Wednesday, March 18, 2009

Old subject, new vision

Today I'm going to devote some space to "the barns" I mentioned in last Saturday's post, and how my vision of a familiar subject evolved.

This collection of rustic outbuildings, once part of a working family farm, has been sitting in my lap for almost three years now. Every time I leave the house, whenever I peer out of one of our front windows, there they are. I've snapped dozens of photographs, typically when the dilapidated structures have been
dusted by snow, backed by colorful fall foliage or surrounded by floodwaters.

I hadn't studied them, though, not photographically. I knew that they held promise, but I'd never really explored what they might offer.

When Canon
replaced my trusty old point-and-shoot last month, I christened the new (to me) camera with a handful of uninspired grab-shots. I took the photo at the top of this post, for example, to check out the optical zoom and image stabilization at full telephoto.

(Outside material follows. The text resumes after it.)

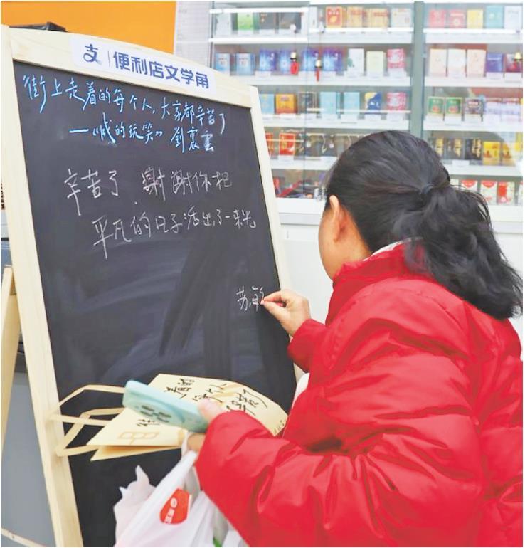 快递员、大学生、退休老人在小黑板上的朴素书写,恰是其情绪价值空间功能的直接体现。他们为生计忙碌,也在买水找零的空隙,写下对生活的感怀。而借由这种接力书写,这个“便利生活、抚慰心灵”的服务空间,成为“文学创作来源于生活”的具象化呈现。
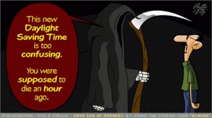 “This new daylight savings time is too confusing. You were supposed to die an hour ago.”

Back at my computer, I zoomed and panned and made my judgments about the little camera's performance. Looking closely at the image above, I stopped fiddling and stared.

It wasn't sharpness or color rendition that got my attention -- it was the elements in the frame. An ordinary snapshot revealed shapes and lines, highlights and deep shadows, hard edges and gentle forms worth exploring. Here was a rich trove of details which had, until that instant, escaped my notice.

Get closer, notice details -- two photographic lessons I've learned and forgotten and re-learned countless times over the years. I might've known it was time for a refresher.

In spare moments over the next week or so, I returned to that shot again and again. More than once I paused at the end of our driveway, taking photographs with my eyes before pulling out onto the road.

Ten days later I was treated to a chalky sky and exquisitely flat midday light -- perfect. I grabbed my camera, tripod and remote release and set up by the roadside. Employing the longest focal length I have, I compressed the elements and framed to exclude fields, trees and sky. For maximum depth-of-field, I stopped down.

Here, after cropping and a bit of processing in my digital darkroom, is one of the first shots from the session:

Barns No.1 (2009)

Now that's a satisfying image. The weathered paint, stained siding and rusted roof panels give it a soft, watercolor-like character.


Panning to the right, I gathered the elements I'd seen in the point-and-shoot crop, striving to recreate the composition that had sparked my vision. Thanks to flatter light, more optical compression and a higher perspective, the result was better than I'd hoped for:

Barns No.2 (2009)

Next to Barns No.1, this image has a totally different feel -- it's more about geometric shapes, sharp edges and textures. For that reason, at some point I'll experiment with some black-and-white variations.


Picking up the tripod and moving 20 feet to the left, still using the square window as a visual anchor, I settled on another angle:

Barns No.3 (2009)

Composing to include the front of the shed and a sliver of foreground pulls the subject away from the abstract -- in this image, it feels to me like the abandoned farm it is.


The barnyard grass wants for the departed homesteader's muddy boots. Wrought-iron door handles stand ready for calloused fingers to grip them, while broken panes of glass silently await repair. The March wind, no longer burdened by the chug of machinery, now only whistles through gaps in the siding. No one hears.

Whether I view it as melancholy metaphor or simply as documenting a sad fact, that photograph captures my sense of the place.

I clicked off just 30 shots that morning, three of which were worth keeping -- a respectable ratio, in my experience. Of the keepers, I have no particular favorite. More important than coming away with gratifying results, I chased my instincts and sharpened my vision.

And I'm not done yet. Even after we make the move across town, I suspect that "the barns" will draw me back here again.